> What to do: Look through the material below and copy exactly the lines from the line with "A young woman" to the line with "3 Roll CZ Filled", those two lines included.

> Listed records:
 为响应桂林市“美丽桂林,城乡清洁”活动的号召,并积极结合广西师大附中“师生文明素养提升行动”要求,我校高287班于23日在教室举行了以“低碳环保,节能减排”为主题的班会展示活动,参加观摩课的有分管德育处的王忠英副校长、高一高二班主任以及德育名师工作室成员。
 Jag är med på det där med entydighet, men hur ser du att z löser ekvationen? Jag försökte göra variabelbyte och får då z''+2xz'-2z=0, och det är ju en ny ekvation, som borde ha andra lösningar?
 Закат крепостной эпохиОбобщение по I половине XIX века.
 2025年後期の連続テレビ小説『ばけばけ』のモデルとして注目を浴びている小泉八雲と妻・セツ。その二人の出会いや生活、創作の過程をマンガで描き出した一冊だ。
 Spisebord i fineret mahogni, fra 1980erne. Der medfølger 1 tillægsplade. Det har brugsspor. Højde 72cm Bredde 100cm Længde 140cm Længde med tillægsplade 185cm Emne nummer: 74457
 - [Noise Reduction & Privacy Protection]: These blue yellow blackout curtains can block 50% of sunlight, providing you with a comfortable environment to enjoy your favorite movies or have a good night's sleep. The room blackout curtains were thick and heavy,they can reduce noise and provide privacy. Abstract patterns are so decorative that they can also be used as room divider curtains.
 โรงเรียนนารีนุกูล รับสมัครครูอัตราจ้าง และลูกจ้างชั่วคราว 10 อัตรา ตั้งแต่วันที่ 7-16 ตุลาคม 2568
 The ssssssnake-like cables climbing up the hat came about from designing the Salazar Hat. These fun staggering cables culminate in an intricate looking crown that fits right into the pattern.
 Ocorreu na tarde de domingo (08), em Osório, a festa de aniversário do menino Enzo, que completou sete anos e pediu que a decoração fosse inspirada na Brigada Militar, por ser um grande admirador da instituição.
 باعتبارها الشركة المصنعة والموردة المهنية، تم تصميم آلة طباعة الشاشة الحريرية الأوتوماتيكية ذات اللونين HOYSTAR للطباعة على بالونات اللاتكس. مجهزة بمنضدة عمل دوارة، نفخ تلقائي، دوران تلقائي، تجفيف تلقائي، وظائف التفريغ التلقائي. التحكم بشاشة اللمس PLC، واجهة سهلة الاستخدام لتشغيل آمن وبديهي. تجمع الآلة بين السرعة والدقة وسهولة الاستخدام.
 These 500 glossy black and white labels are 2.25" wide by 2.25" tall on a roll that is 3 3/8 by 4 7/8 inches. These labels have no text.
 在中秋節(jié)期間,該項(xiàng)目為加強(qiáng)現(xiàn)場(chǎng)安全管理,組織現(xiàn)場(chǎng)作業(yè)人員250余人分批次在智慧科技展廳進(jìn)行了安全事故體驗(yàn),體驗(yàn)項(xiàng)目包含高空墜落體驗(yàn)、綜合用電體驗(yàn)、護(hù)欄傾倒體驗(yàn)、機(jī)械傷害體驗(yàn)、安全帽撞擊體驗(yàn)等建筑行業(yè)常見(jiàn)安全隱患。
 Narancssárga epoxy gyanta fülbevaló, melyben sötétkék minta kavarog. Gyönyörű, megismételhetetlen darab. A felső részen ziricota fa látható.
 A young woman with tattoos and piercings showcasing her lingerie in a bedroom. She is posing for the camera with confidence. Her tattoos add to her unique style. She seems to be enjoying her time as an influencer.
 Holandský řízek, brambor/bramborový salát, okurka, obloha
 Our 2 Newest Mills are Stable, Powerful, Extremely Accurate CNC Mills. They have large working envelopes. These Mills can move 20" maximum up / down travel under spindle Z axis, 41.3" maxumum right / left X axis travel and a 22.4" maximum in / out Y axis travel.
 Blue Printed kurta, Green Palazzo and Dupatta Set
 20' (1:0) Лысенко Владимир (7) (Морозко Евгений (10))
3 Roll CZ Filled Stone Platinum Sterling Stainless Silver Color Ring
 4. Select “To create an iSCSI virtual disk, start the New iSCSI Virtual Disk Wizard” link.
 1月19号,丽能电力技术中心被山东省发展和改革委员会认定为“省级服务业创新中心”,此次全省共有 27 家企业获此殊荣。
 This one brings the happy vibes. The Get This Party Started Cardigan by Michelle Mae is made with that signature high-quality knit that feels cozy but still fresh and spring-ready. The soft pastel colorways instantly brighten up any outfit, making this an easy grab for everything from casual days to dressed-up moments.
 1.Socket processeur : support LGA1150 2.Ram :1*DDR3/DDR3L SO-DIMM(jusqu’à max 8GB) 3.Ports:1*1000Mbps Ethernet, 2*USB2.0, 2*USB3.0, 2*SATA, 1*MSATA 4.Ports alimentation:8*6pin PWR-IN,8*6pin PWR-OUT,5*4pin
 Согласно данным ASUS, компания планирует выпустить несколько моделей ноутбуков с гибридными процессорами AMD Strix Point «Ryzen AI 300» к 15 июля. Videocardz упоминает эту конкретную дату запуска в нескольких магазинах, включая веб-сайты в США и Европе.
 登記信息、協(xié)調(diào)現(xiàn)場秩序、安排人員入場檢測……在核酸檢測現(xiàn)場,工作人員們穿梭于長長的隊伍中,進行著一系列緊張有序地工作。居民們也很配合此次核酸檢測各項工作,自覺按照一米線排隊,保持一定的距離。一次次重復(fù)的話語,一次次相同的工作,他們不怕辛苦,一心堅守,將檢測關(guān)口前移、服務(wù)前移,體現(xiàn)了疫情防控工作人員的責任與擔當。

> Your solution:
 A young woman with tattoos and piercings showcasing her lingerie in a bedroom. She is posing for the camera with confidence. Her tattoos add to her unique style. She seems to be enjoying her time as an influencer.
 Holandský řízek, brambor/bramborový salát, okurka, obloha
 Our 2 Newest Mills are Stable, Powerful, Extremely Accurate CNC Mills. They have large working envelopes. These Mills can move 20" maximum up / down travel under spindle Z axis, 41.3" maxumum right / left X axis travel and a 22.4" maximum in / out Y axis travel.
 Blue Printed kurta, Green Palazzo and Dupatta Set
 20' (1:0) Лысенко Владимир (7) (Морозко Евгений (10))
3 Roll CZ Filled Stone Platinum Sterling Stainless Silver Color Ring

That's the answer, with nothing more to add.